From what I understand the two are very similar, although I've never used a Sleepy wrap myself. I have heard that the Sleepy wrap material is a little thicker/warmer.

I agree with pp that stretchy wraps are not great after 10-15 pounds. However, I found mine totally worth it for those early days. (Maybe, admittedly, because my peanut was tiny and didn't reach 15 pounds for a long time!)

A good woven wrap is very appropriate for a newborn and will last your whole babywearing career, through toddlerhood. However, it's not as easy to learn for a newbie and is a bit harder to pop the baby in and out.

So for me, having a stretchy wrap was totally worth it, even for the limited time it was useful.
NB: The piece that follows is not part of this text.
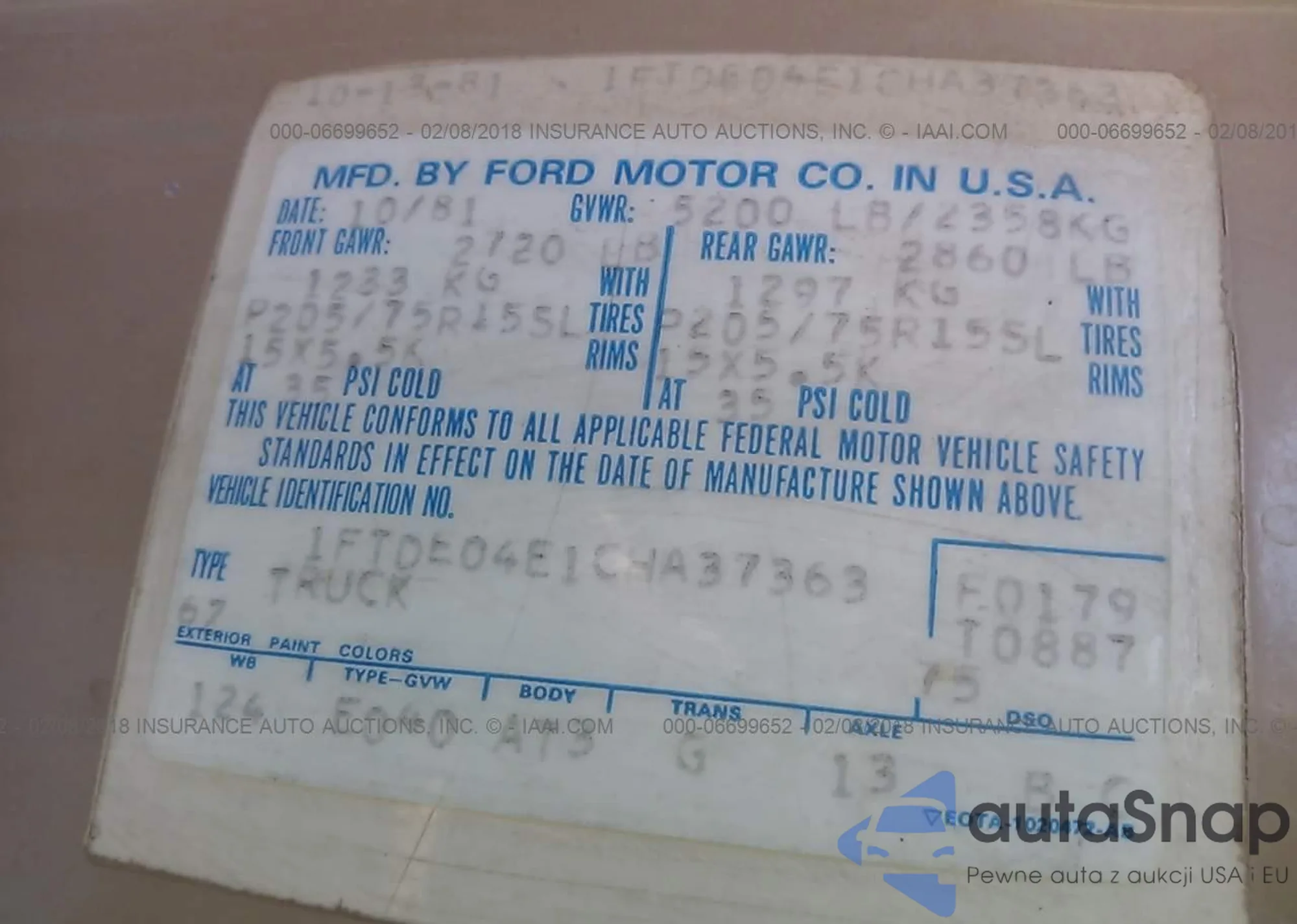 LOT: 6699652 VIN: 1FTDE04E1CHA37363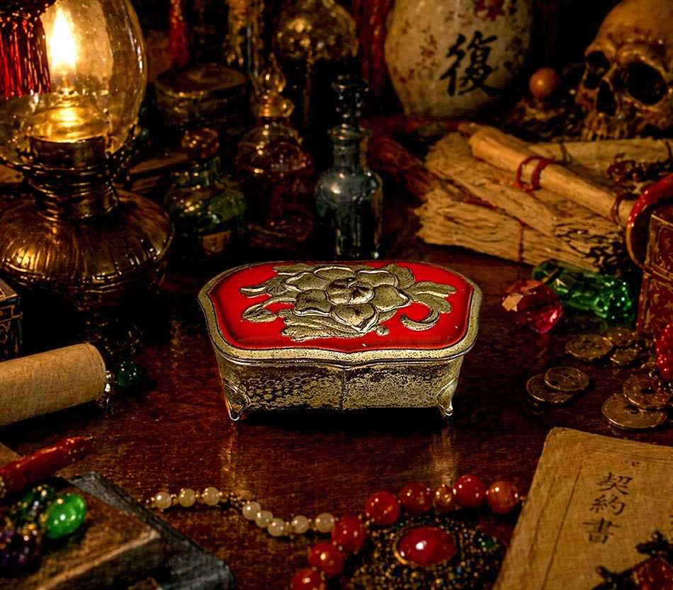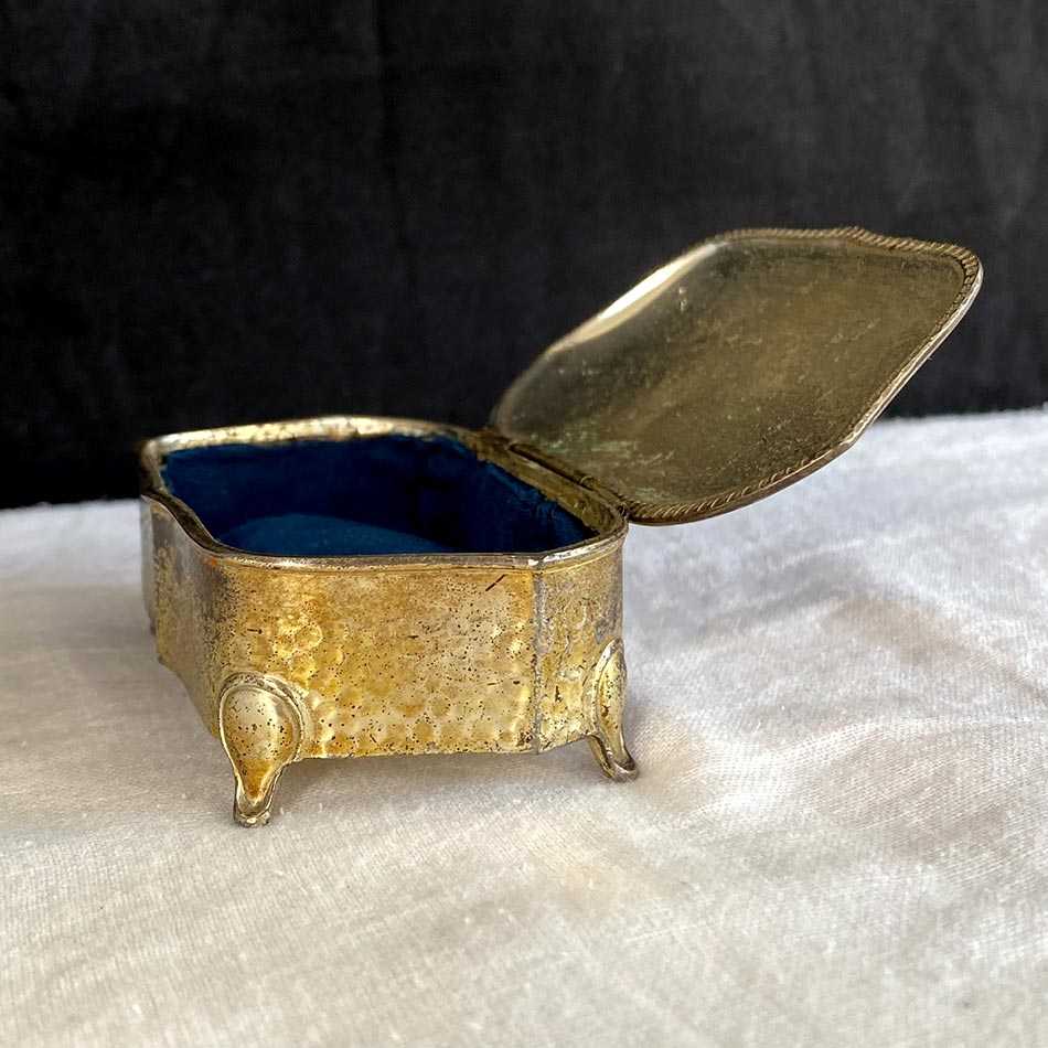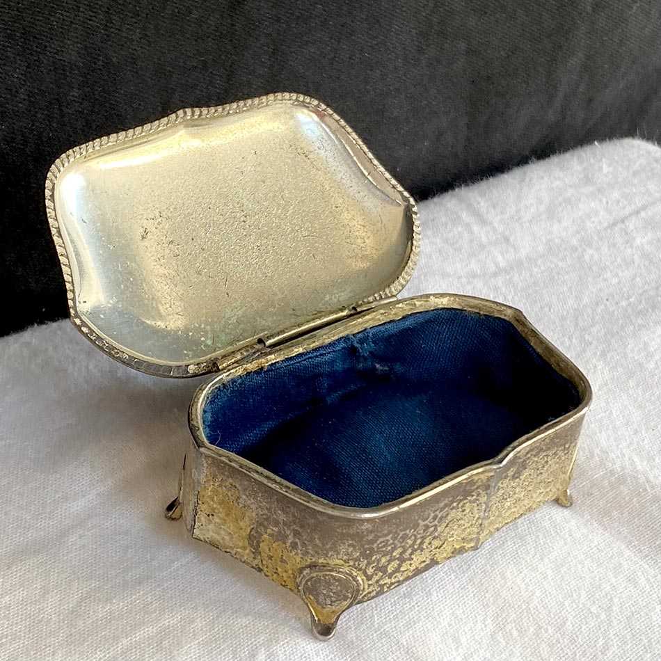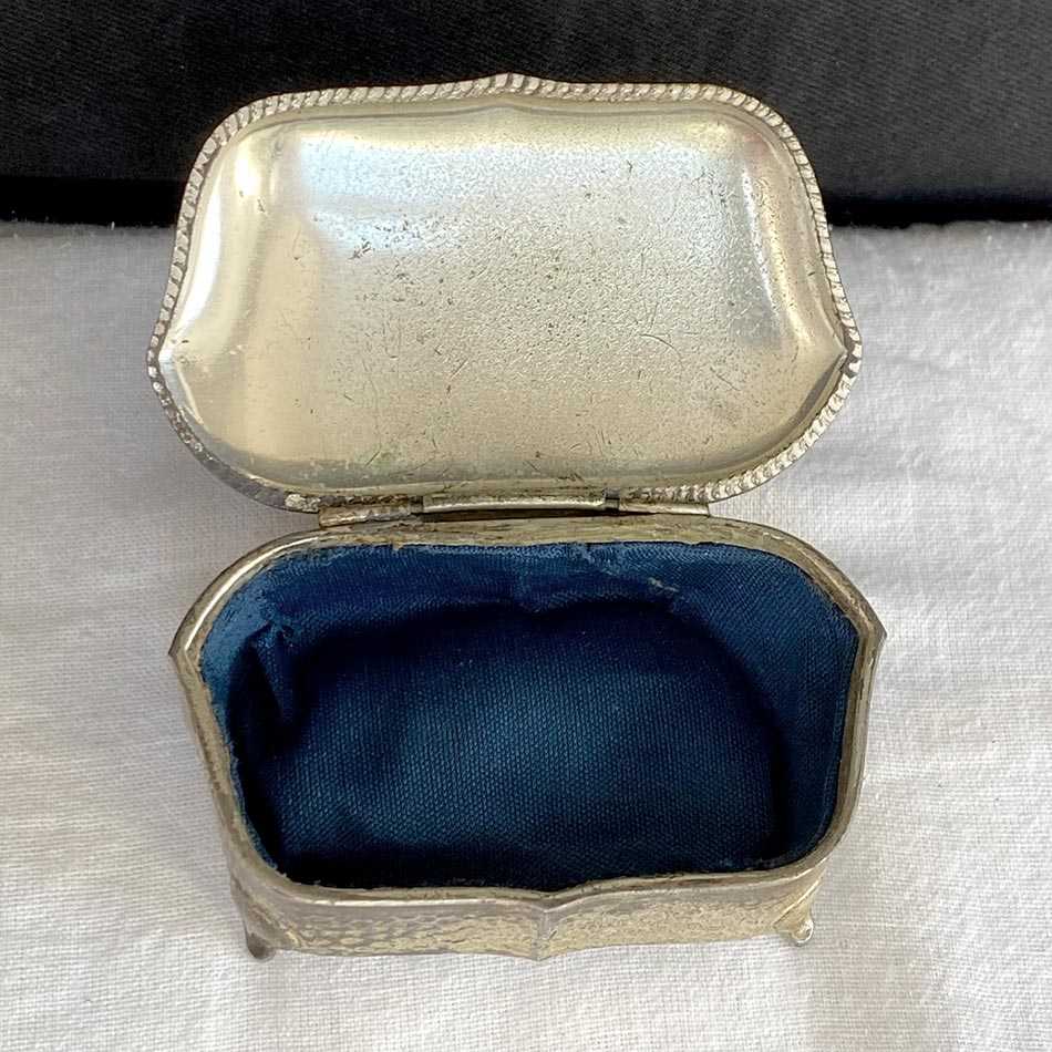 Japonya'nın 2. dünya savaşı sonrası dünyaya ihraç ettiği karakteristik mid-century tarzı dekoratif ürünlerden olan kutu, "antimon" adlı kurşun-kalay alaşımından dökülmüş. Yamatogumi firmasının ustalığını yansıtan mücevher kutusunun kapağında canlı kırmızı mine üzerine kabartma olarak işlenmiş gümüş tonlarında gül ve yaprak motifi bulunuyor. Kapağın çerçevesindeki tırtıklı detaylar ve kutunun kavisli hatları, dönemin romantik estetik anlayışını yansıtıyor. Kutunun altındaki baklava dilimi formundaki geometrik "Y" logosu ve "JAPAN" ibaresi üreticinin özgün damgasıdır. İç kısmı, değerli objeleri korumak amacıyla şişkin yastık zemin ve üzeri lacivert kumaş döşemeyle kaplıdır. Dört adet zarif kavisli ayak üzerinde duran kutu, yaşına göre iyi durumdadır. Orijinal menteşesi tamir görmüş ama hala tek parça ve iyi durumda. İç astarı biraz yıpranmış ama hala iyi durumda. Metal yüzeyinde zamanla 9x5x3.5 cm 170 gr

I just wouldn't spend lots of money on one. You can get one used for $20-30 usually on the FSOT over at thebabywearer.com

another brand to think about is the Gypsy Mama Bali Baby Stretch. I have not personally tried this yet but plan to with the next newborn. It is supposedly stretchier but not AS much as the moby or sleepywrap, and therefore lasts longer. Also, it is supposed to be cooler for summer.


----------



## Quirky

I absolutely love a stretchy wrap for a newborn. I used both the Moby and the Sleepy Wraps with my now-8 month old, and although I agree that they're not very useful past about 18-20 pounds, I think they're great before that.

I really like the fabric of the Sleepy Wrap and I love the way the edge rolls in, but I didn't find it as supportive as the Moby. My baby is pretty heavy, and I had to give up using the Sleepy Wrap before she outgrew the Moby.


----------